Dates extrêmes : 1789-1956

Importance matérielle : plus d'un millier de m.l. (environ 14000 articles)

Condition d’accès : librement communicables pour les dossiers de naturalisation (dossiers ouverts depuis plus de soixante ans) sous réserve qu’ils ne contiennent pas de pièces de moins de trente ans d’âge (arrêté du 11 juin 1998) et sous réserve des restrictions apportées par l’état matériel des documents. Tous les autres dossiers sont librement communicables sous réserve des restrictions apportées par l’état matériel des documents.

Noms des producteurs : Ministère de la Justice, division (puis direction) des affaires civiles et du sceau

Histoire des producteurs : abolie par la Révolution, l’ancienne juridiction gracieuse du Roi est rétablie au profit de Napoléon. Le service du sceau et ses archives remontent à ce rétablissement. En l’an XII est constituée au ministère de la Justice une division des grâces qui, outre les décisions de grâces en faveur des condamnés, a dans ses attributions les dispenses pour mariage, les dispenses de représentation du diplôme de licencié en droit, l’établissement des étrangers en France. En 1809, la division des grâces disparaît : la division criminelle reçoit dans ses attributions les recours en grâce des condamnés et un bureau de la division civile traite désormais des affaires relatives aux naturalisations, admissions à domicile, service et naturalisations à l’étranger, dispenses pour mariages, changements de noms. Indépendamment du ministère de la Justice, est créée en 1808 l’autre institution à l’origine du service du sceau : le Conseil du sceau des titres (majorats, titres, lettres patentes, armoiries, dotations) qui devient la commission du sceau sous la Restauration. Cette dernière fusionne avec le ministère de la Justice en 1830 (ordonnance du 31 octobre 1830 et arrêté du ministère de la Justice du 17 août 1832) : la commission du sceau est supprimée et ses bureaux sont rattachés à la division des affaires civiles du ministère de la Justice qui prend alors le nom de division (plus tard direction) des affaires civiles et du sceau.

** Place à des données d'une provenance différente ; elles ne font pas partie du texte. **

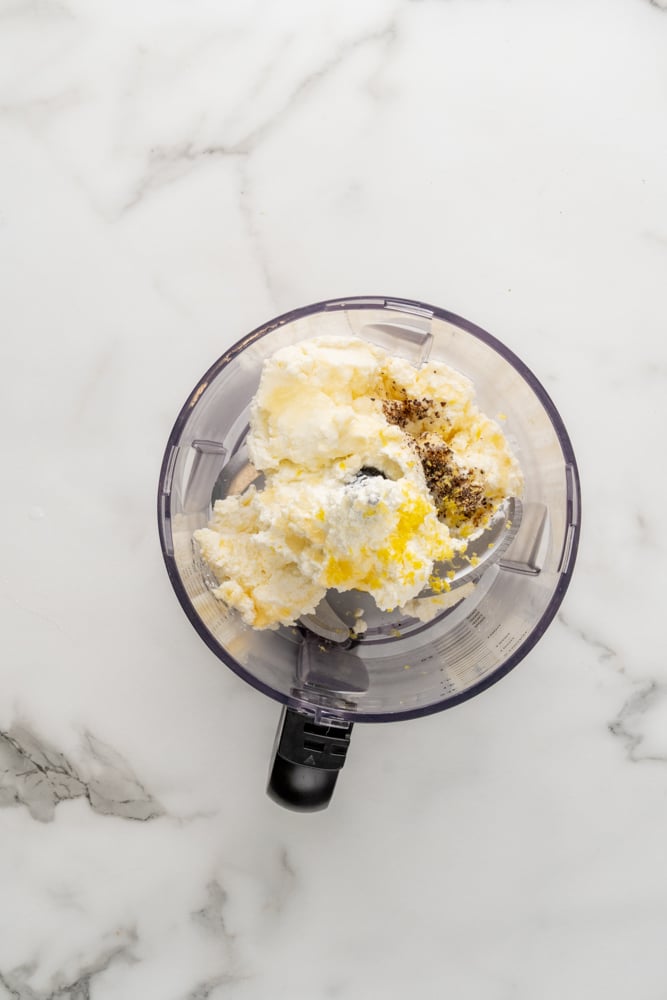 To make it, simply add your ricotta cheese, olive oil, honey, lemon zest, salt, and pepper to your blender or food processor. Pulse a few times to incorporate everything, then blend on high for 30 seconds to 1 minute until the mixture is smooth and creamy. The ricotta should transform from grainy to silky. If you prefer a thicker consistency, blend for less time. For an ultra-smooth whipped ricotta dip, blend for the full minute. It’s really that simple!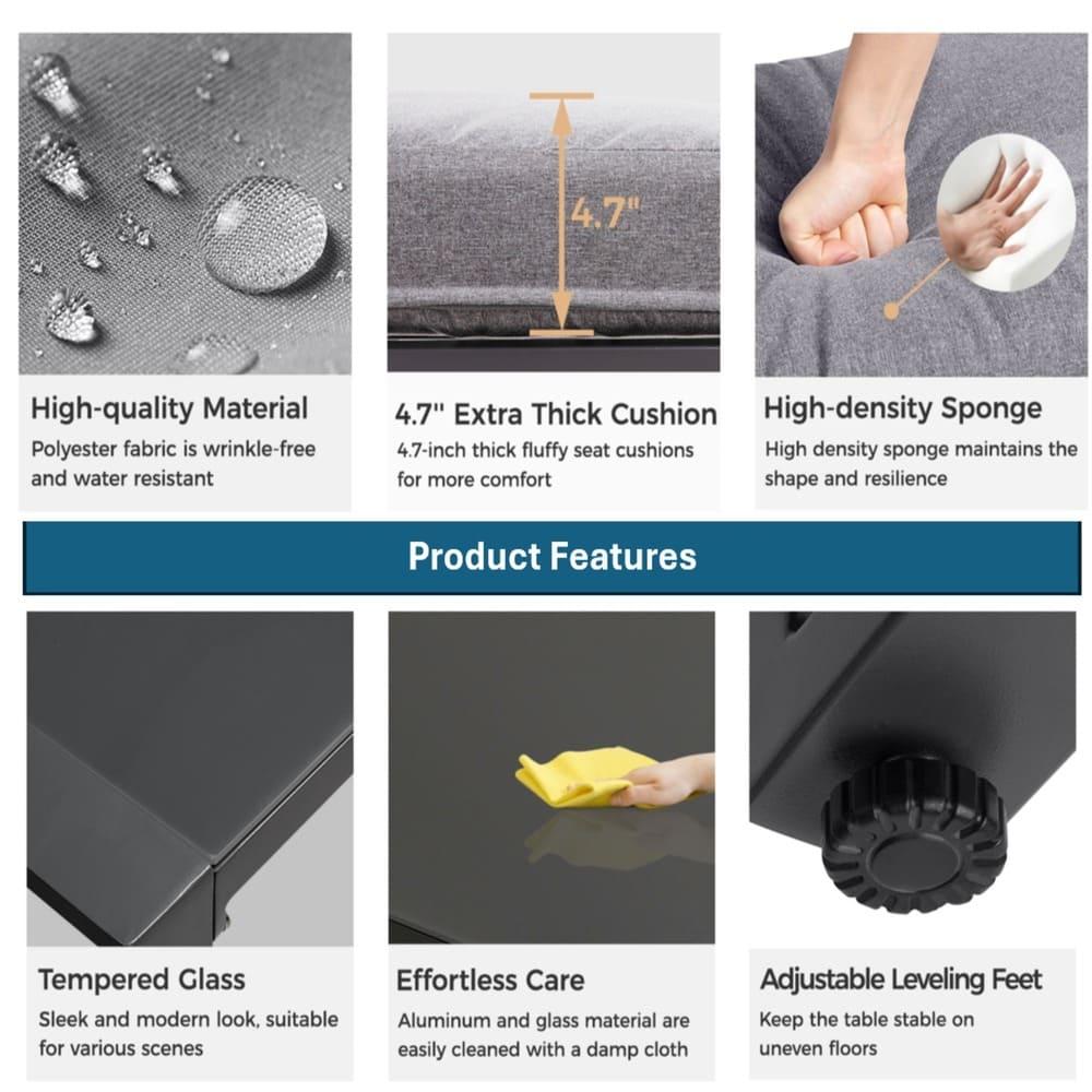 • Easy assembly with simplified structure and included hardware. Low-maintenance design – wipe the frame clean and remove cushion covers for washing. Ideal for couples, small families, apartment dwellers, Airbnb hosts, and anyone seeking stylish, durable outdoor furniture that delivers lasting quality, ergonomic comfort, and effortless elegance.
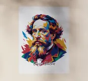 Celebrate l'eredità letteraria di Charles Dickens con questo vivace disegno Pop Art di WPAP. Utilizzando audaci forme geometriche e una tavolozza colorata, questa opera d'arte reinterpreta l'iconico autore in uno stile moderno e astratto. La tecnica WPAP (Wedha's Pop Art Portrait) dà vita all'immagine di Dickens, catturando lo spirito della sua narrazione e i temi sociali prevalenti nelle sue opere. Perfetto per gli amanti della letteratura, gli appassionati d'arte e i fan dei romanzi classici, questo disegno è un tributo unico a uno dei più grandi scrittori dell'epoca vittoriana.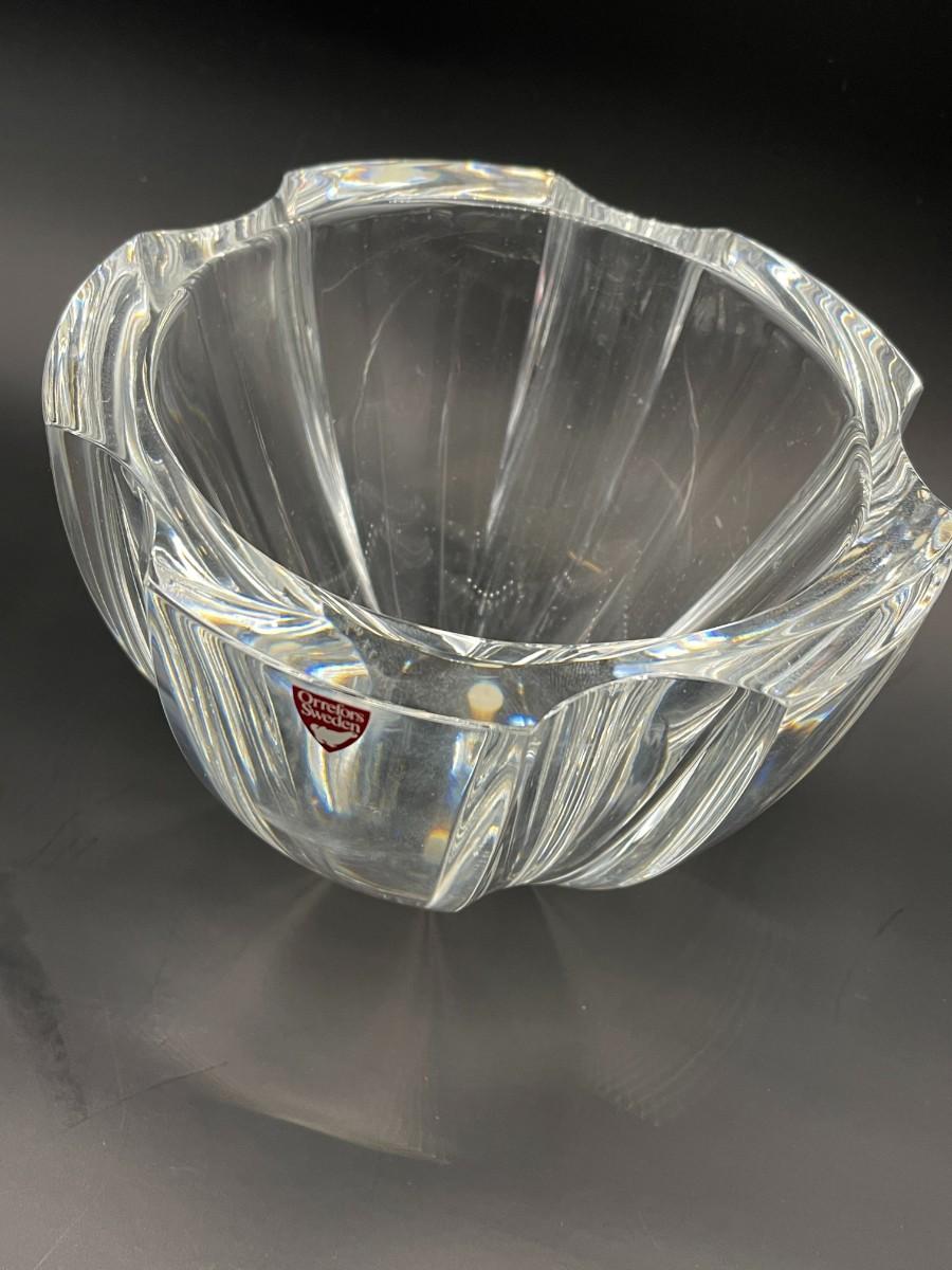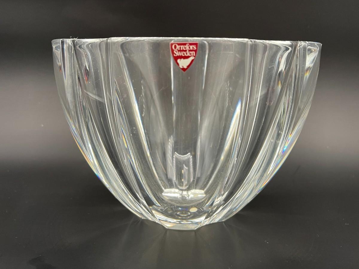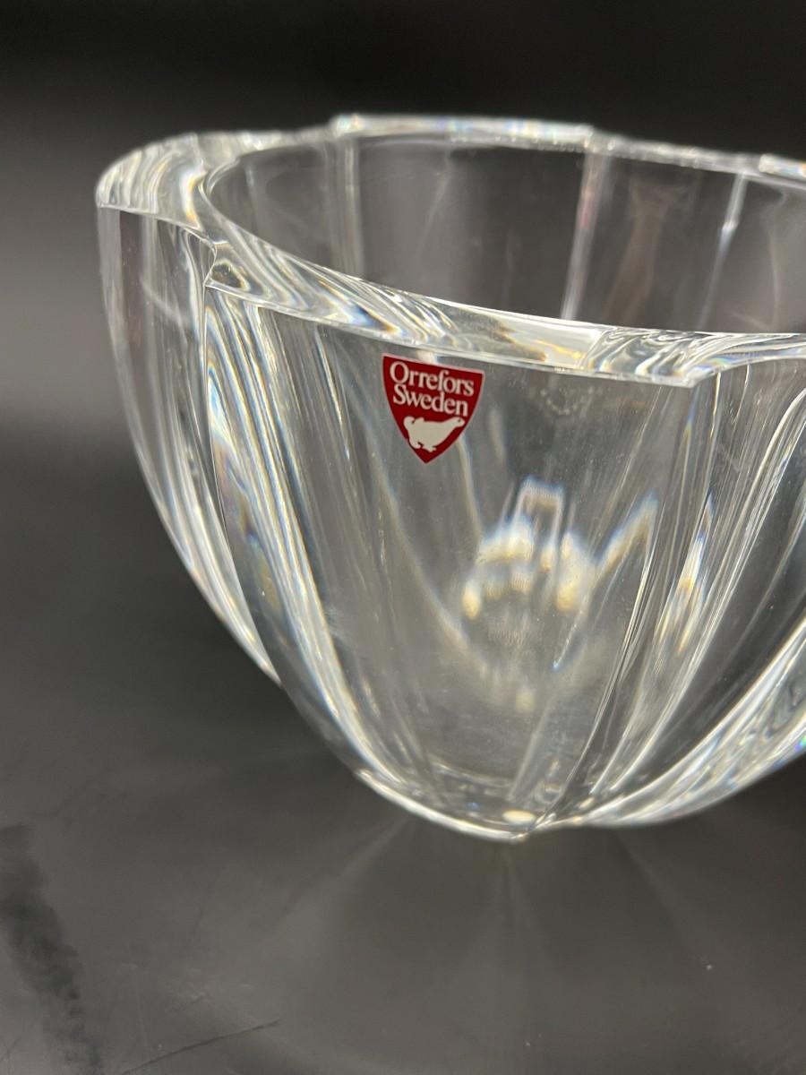 This bowl by Orrefors of Sweden is dramatic in visual weight despite being only 7" W x 5" H -- signed by artist. In excellent shape, with minor wear on the base. # 796

Histoire de la conservation : destinée d'abord à conserver les dossiers de la division civile du ministère de la Justice relatifs aux naturalisations, aux autorisations données à des Français d'entrer ou de rester au service de puissances étrangères et aux fixations de domicile en France, la sous-série BB/11 a reçu aussi ensuite les dossiers concernant les changements de noms (à partir des dossiers de l'année 1821) et les dispenses pour mariages (à partir des dossiers de l'année 1860), on en reparlera (BB/12 et suivants) ainsi que les successions aux titres et aux majorats lorsque la division civile a fusionné avec la commission du sceau pour devenir la division (puis direction) des affaires civiles et du sceau (1832).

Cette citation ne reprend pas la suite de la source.